SIMPLE Calculus Question

[math q]

Why on earth is this wrong?

v(t) = 6t^2-48t+90
a(t) = 12t-48

Solving a(t) for 0 should give what I put, right? Any suggestions?

Thanks in advance.

 

[Jason76]

View attachment 4570

Why on earth is this wrong?

v(t) = 6t^2-48t+90
a(t) = 12t-48

Solving a(t) for 0 should give what I put, right? Any suggestions?

Thanks in advance.

Perhaps the type of bracket "[ or )" is wrong. Just a guess. Anyone on the forum agree? However, your choice of brackets is similar to the velocity problem, which is correct by your online homework.

 

[HallsofIvy]

No, you have calculated the derivatives correctly and where the velocity and acceleration are positive and negative but you have misunderstood "speeding up" and "slowing down" The object will be "speeding up" as long as the velocity and acceleration are in the same direction- that is, where they both have the same sign regardless whether that sign is negative or positive.
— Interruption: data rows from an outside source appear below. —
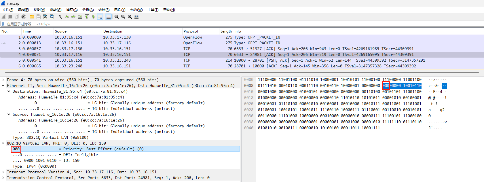 取值为0x8100时表示IEEE 802.1Q的VLAN数据帧。如果不支持802.1Q的设备收到这样的帧,会将其丢弃。 各设备厂商可以自定义该字段的值。当邻居设备将TPID值配置为非0x8100时, 为了能够识别这样的报文,实现互通,必须在本设备上修改TPID值,确保和邻居设备的TPID值配置一致。 |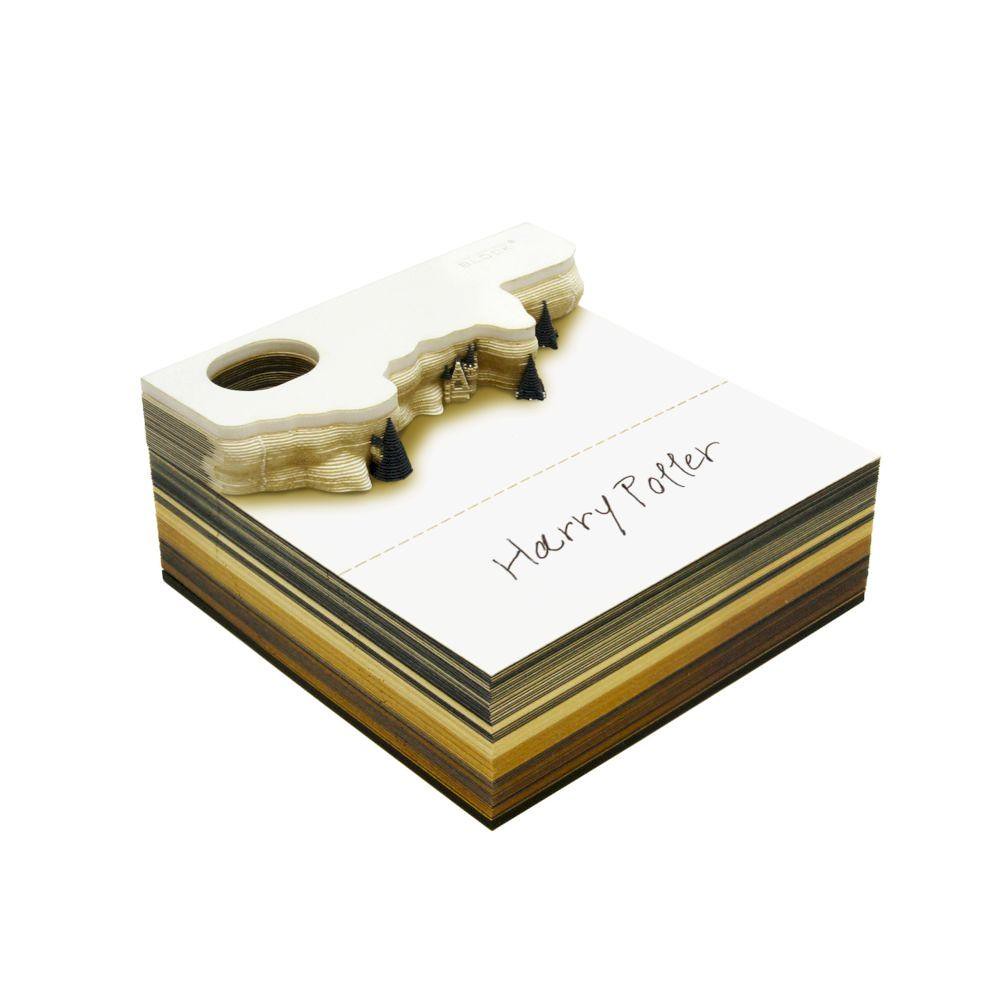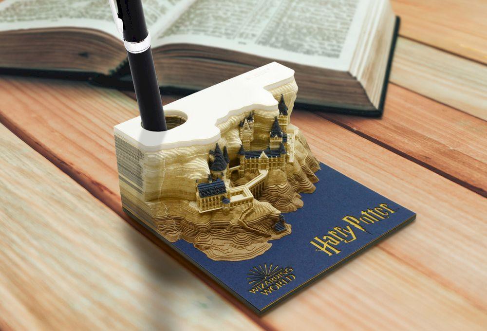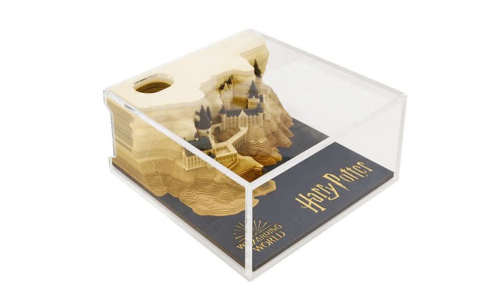 這次推出「哈利波特 OMOSHIROI BLOCK 霍格華茲城堡」,原為尺寸為寬85 x 深82 x 厚43mm,的便條紙,總共有150張,隨著便條紙愈撕愈多,霍格華茲城堡的塔頂就會慢慢露出來~精準又細膩地將複雜歐式古堡以紙雕還原,刻工非常仔細,並有精美的分色,處處顯現出日本職人的巧思。最後可以作為藝術裝飾品擺飾,也能當成筆架;雖然因為是聯名限定商品所以價格不便宜,但值得哈利波特迷收藏一波!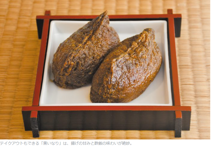 看板メニューの「黒いなり」(1個220円)は地元のおばあちゃんから受け継いだ数十年物の味噌が命だという。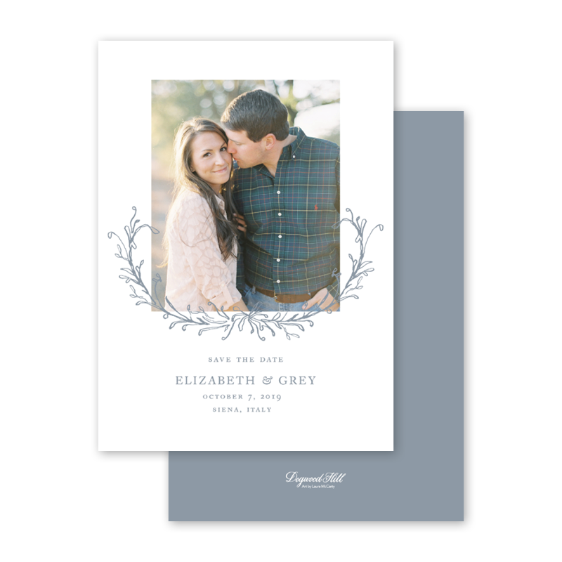 Select your order quantity from the dropdown menu below and check your total. Enter the text for your Save the Date in the “Note” box below. Click Add to Cart. Your wording does not have to match the sample product wording and can be customized for your Save the Date. You will receive a proof notification via email and text message within 3 to 5 business days.If your Save the Date includes a photo, please email a high resolution image along with your order number to weddings@dogwood-hill.com.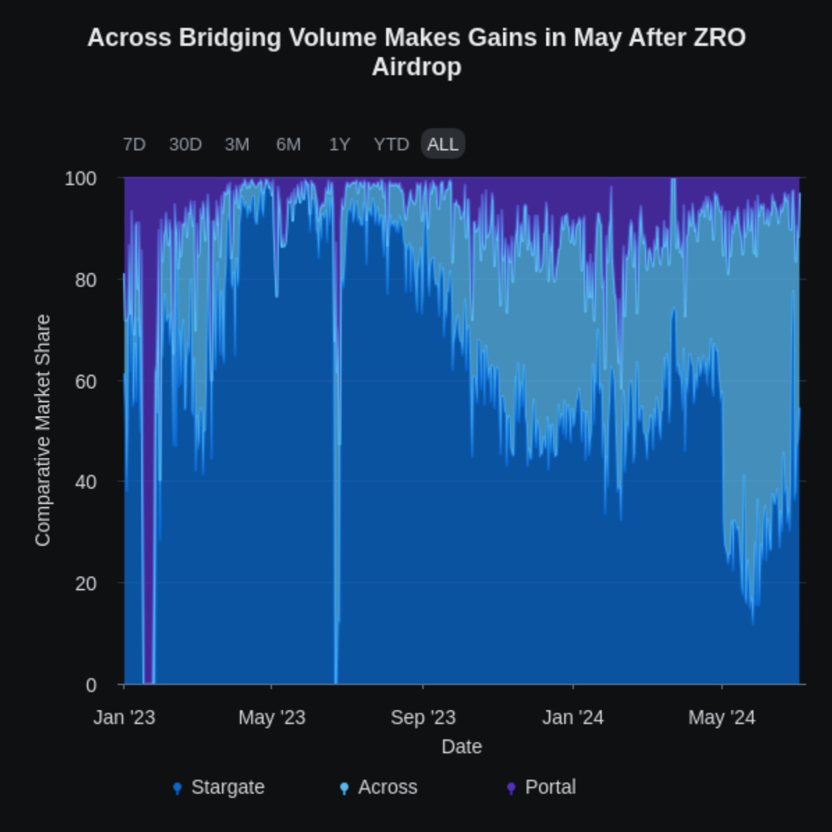 After these major airdrop announcements, a lot of bridging-related activity migrated to Across in the month of May, when Across did four times the combined volume of the flagship bridges for LayerZero and Wormhole. With the launch of Stargate V2 at the end of May, Stargate has rebounded in volume and has gradually flipped Across for the position of the leading bridge on June 27th.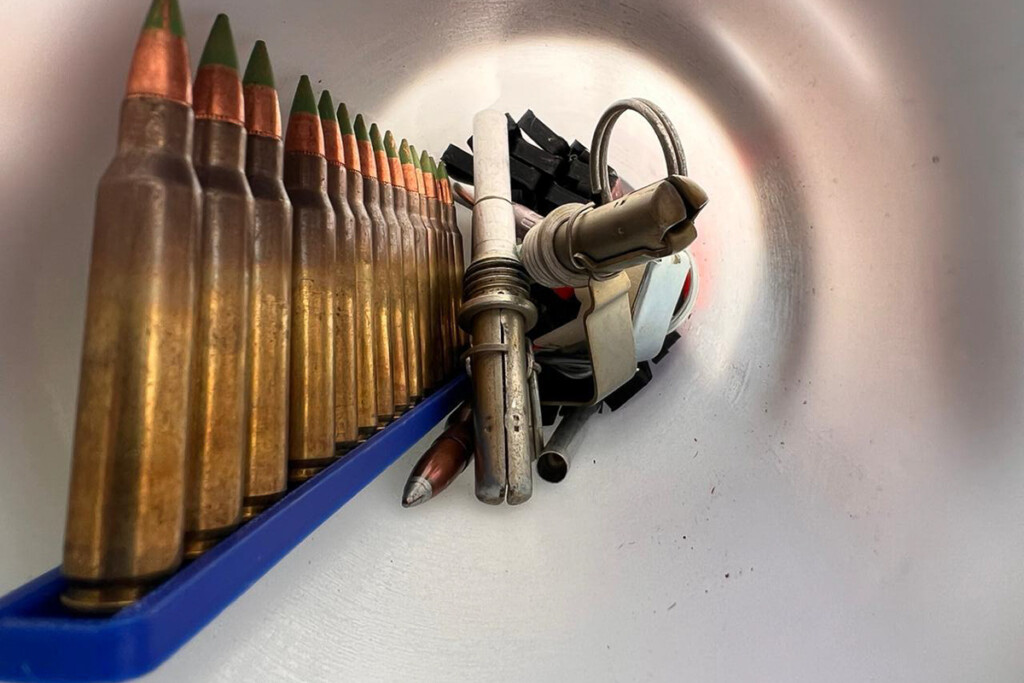 Так, ввечері 18.10.25 на одному з блок-постів під час спроби проїхати у Харків була зупинена автівка Kia Optima EX, під керуванням чоловіка 1979 р.н. В салоні транспортного засобу кінолог зі службовим собакою Отті виявили 8 гранат, 8 запалів до них та 870 набоїв калібру 5,45.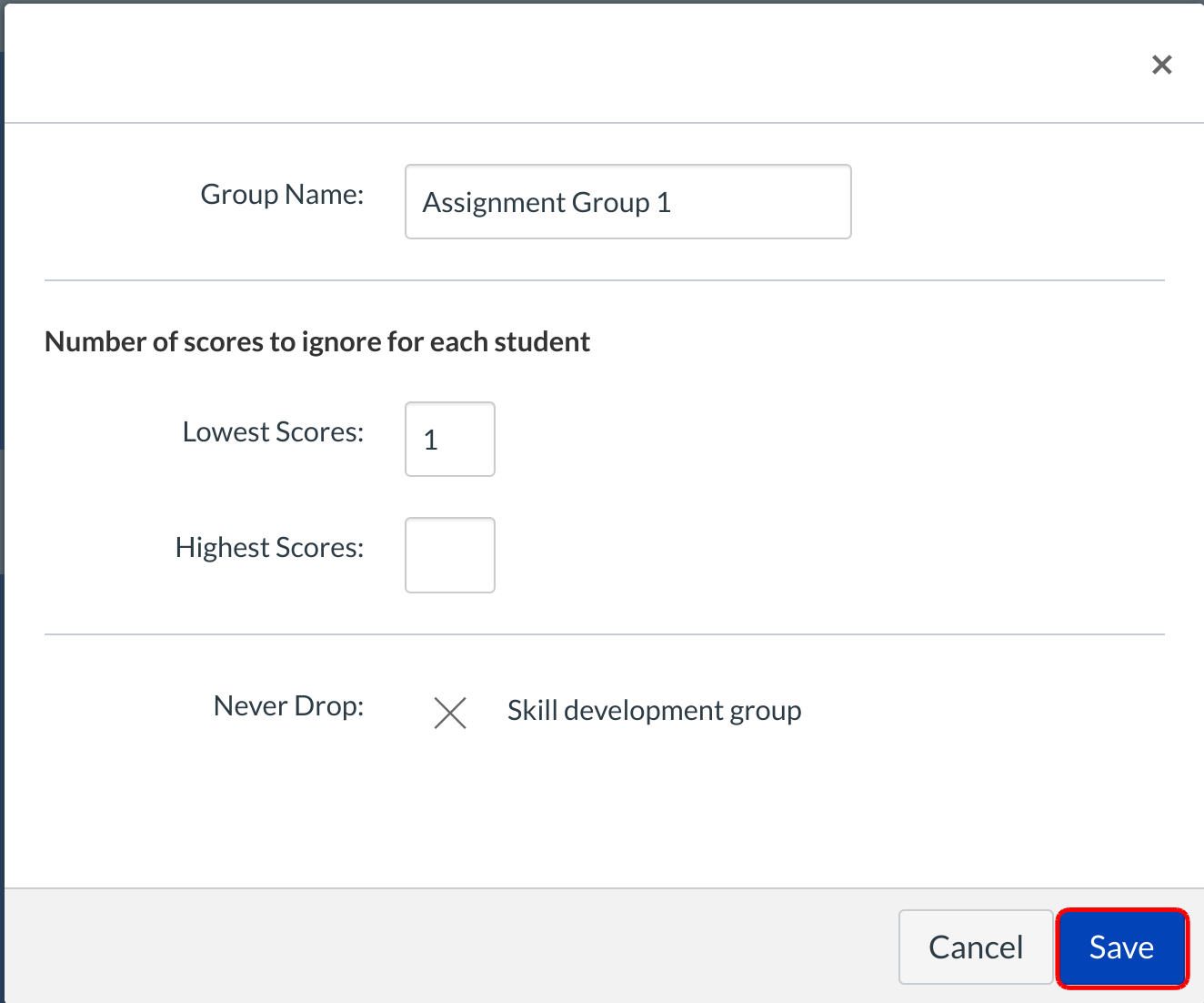 For each Assignment Group, you can Drop the lowest or Drop the Highest x number of grades. You can also specify which Assignments should never be dropped from the Assignment Group calculation and click Save button for apply changes.

And it will be "slowing down" when they are opposite.

 

[Ishuda]

To say it a bit differently than HallsofIvy did - what is the speed when the particle turns around and starts going backward at 3 and again when it turns around and starts going forward at 5. Which direction was it going each time?

 

[Jason76]

It would be speeding up from \(\displaystyle (4,\infty)\) cause same sign for velocity and acceleration there. On 4 the acceleration and velocity are same sign (negative) Past 4, acceleration and velocity are same sign (positive)

Slowing down on \(\displaystyle [0,3)\) cause different signs for velocity and acceleration.

 

[math q]

Awesome, I figured it out! Thanks to all that posted! . As you guys mentioned, it was because I falsely interpreted what speeding up and speeding down meant.